Chronic kidney disease affects more than 9% of the world’s population, representing a prevalence of nearly 700 million cases. A team of researchers showed that aldosterone, a steroid hormone secreted by the adrenal glands, is associated with an increased risk of developing chronic kidney disease and end-stage renal disease. The study which was published in the European Heart Journal, suggests that an existing drug that targets the action of aldosterone could help prevent the onset of chronic kidney disease.
Aldosterone, secreted by the adrenal glands via the kidneys, regulates salt and water in the body and plays a key role in controlling blood pressure. It is also known that too much aldosterone can lead to high blood pressure, cardiovascular disease, and kidney disease.
The Boston University team confirmed that aldosterone plays a role in certain cardiovascular diseases. Additionally, the risk of worsening kidney failure and progression to end-stage renal disease appears to be independent of whether patients have diabetes. The study’s lead author, Dr. Ashish Verma, a professor at Boston University, points to recent randomized controlled trials that have shown that finerenone, used to treat heart failure, is also effective in treating diabetic nephropathy and may delay the development of chronic kidney failure. Still, the role of aldosterone in kidney failure has never been directly studied.
Possible beneficial effects of finerenone
The drug targets mineralocorticoid receptors, which, when activated by aldosterone, promote hypertension, cardiovascular, and kidney disease. Although excessive aldosterone levels are very common but usually undiagnosed, finerenone appears to be effective in reducing high levels and thus the development of kidney failure.
The team validated this hypothesis by assessing the association between blood aldosterone concentrations and the development of kidney disease in 3,680 patients aged 21 to 74 years who participated in the Chronic Kidney Disease Cohort Study, which was conducted between 2003 and 2008 and followed for an average of 10 years. Progression of chronic kidney disease is defined as a 50% decrease in the ability of the kidneys to filter blood through the blood vessels (estimated glomerular filtration rate – eGFR). During this period, 1,412 or 38% of participants experienced kidney failure.
The analysis showed that:
- Higher aldosterone concentrations are well associated with lower eGFR, lower blood potassium levels, and higher urine potassium and protein concentrations.
- After adjusting for possible confounders such as medications, other medical conditions, age, ethnicity, height, and weight, each doubling of blood aldosterone levels are associated with an 11% increased risk of progression to kidney failure.
- Patients with the highest blood aldosterone levels (25%) have a 45% increased risk of chronic kidney disease compared to the 25% of patients with the lowest blood aldosterone levels.
- These risk levels are similar whether or not patients also have diabetes, suggesting that aldosterone levels are an independent risk factor for chronic kidney disease.

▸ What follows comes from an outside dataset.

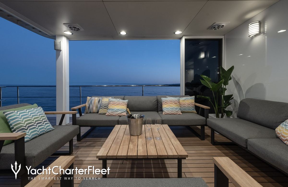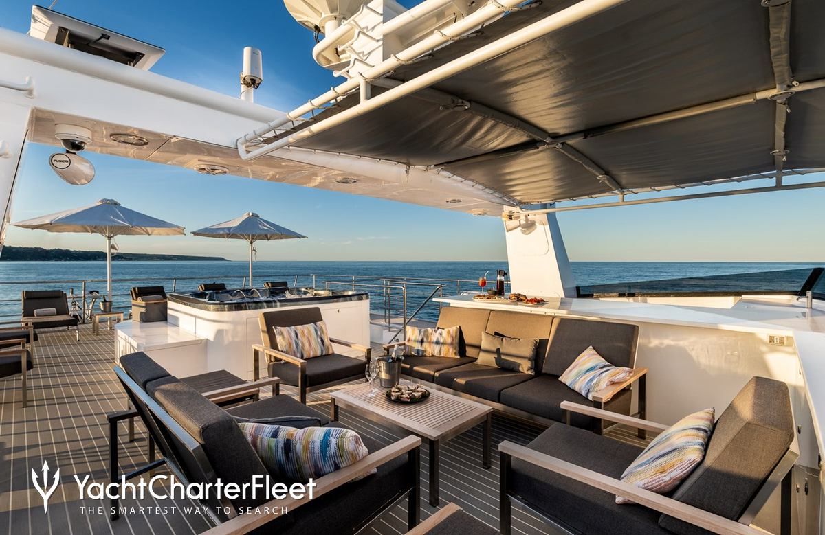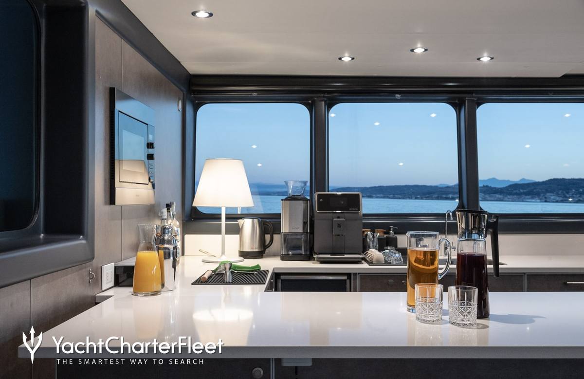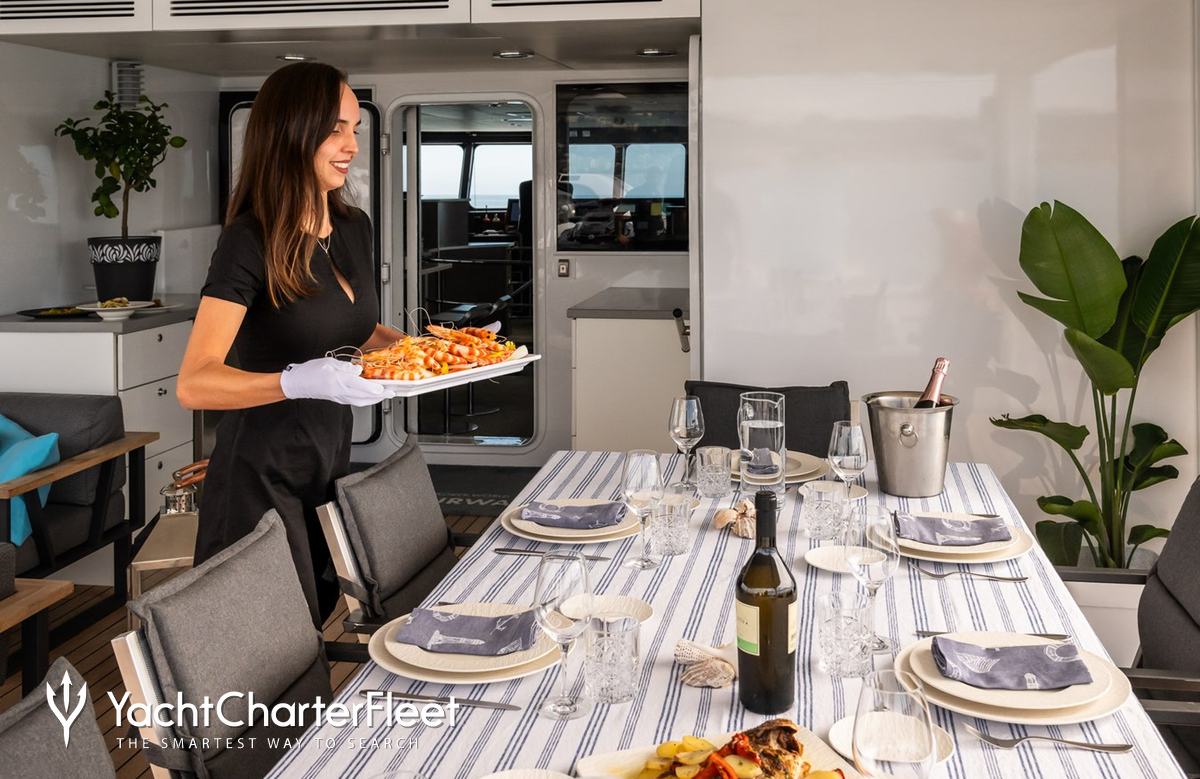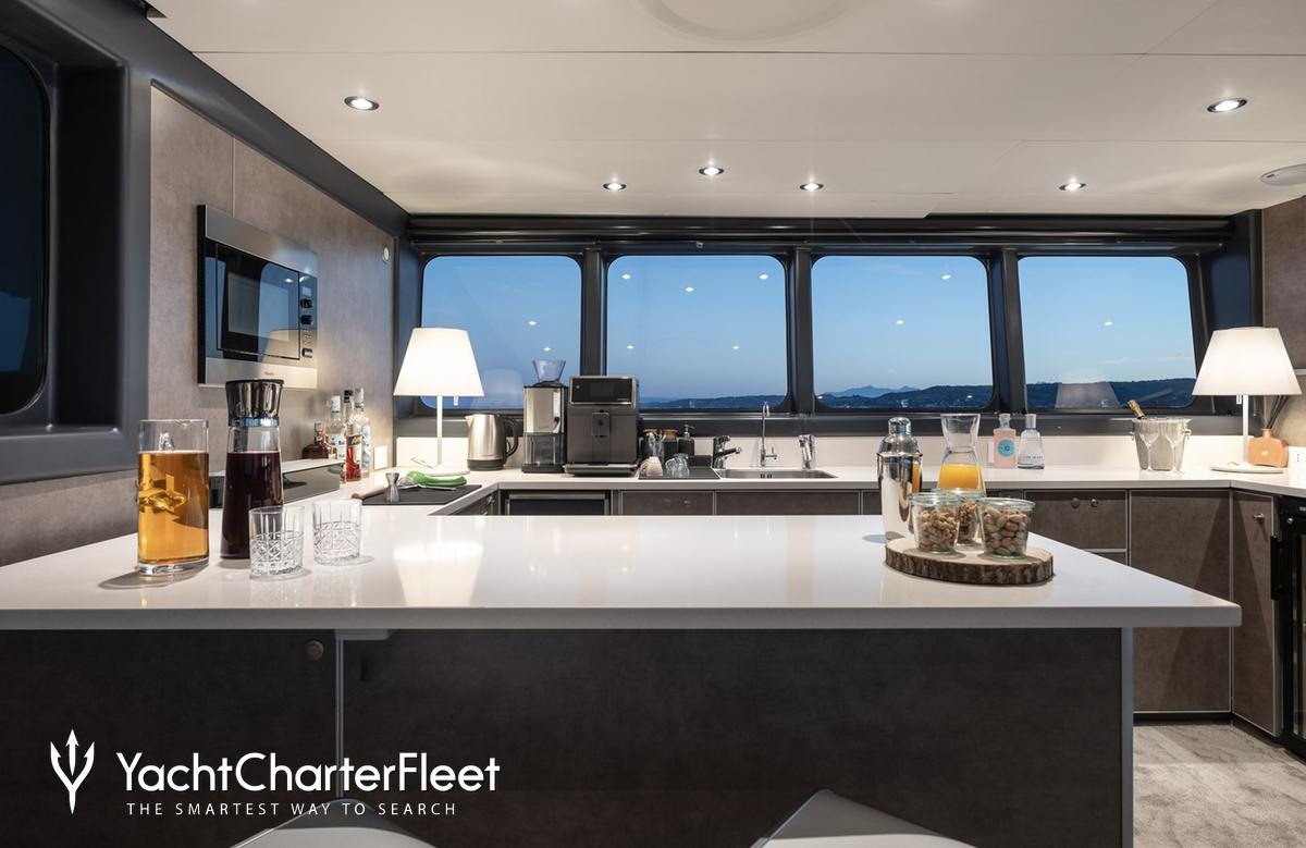 Whatever your activities on your charter, you'll find some impressive features are seamlessly integrated to help you including Wi-Fi connectivity, allowing you to stay connected at all times, should you wish. You can stay comfortable on board whatever the weather, with air conditioning during your charter.

The authors of the study have for the first time explained the mechanism by which mineralocorticoid receptor antagonists can delay the onset of kidney failure – even in nondiabetic patients. The US Food and Drug Administration (FDA) has approved finerenone for use in patients with chronic kidney disease and diabetes. A randomized controlled trial is ongoing to validate the efficacy and safety of finerenone in patients with non-diabetic kidney disease.
Finally, the study suggests that aldosterone levels should be assessed in all patients at risk and/or with a cardiorenal disease, especially if they are obese and/or suffer from resistant hypertension.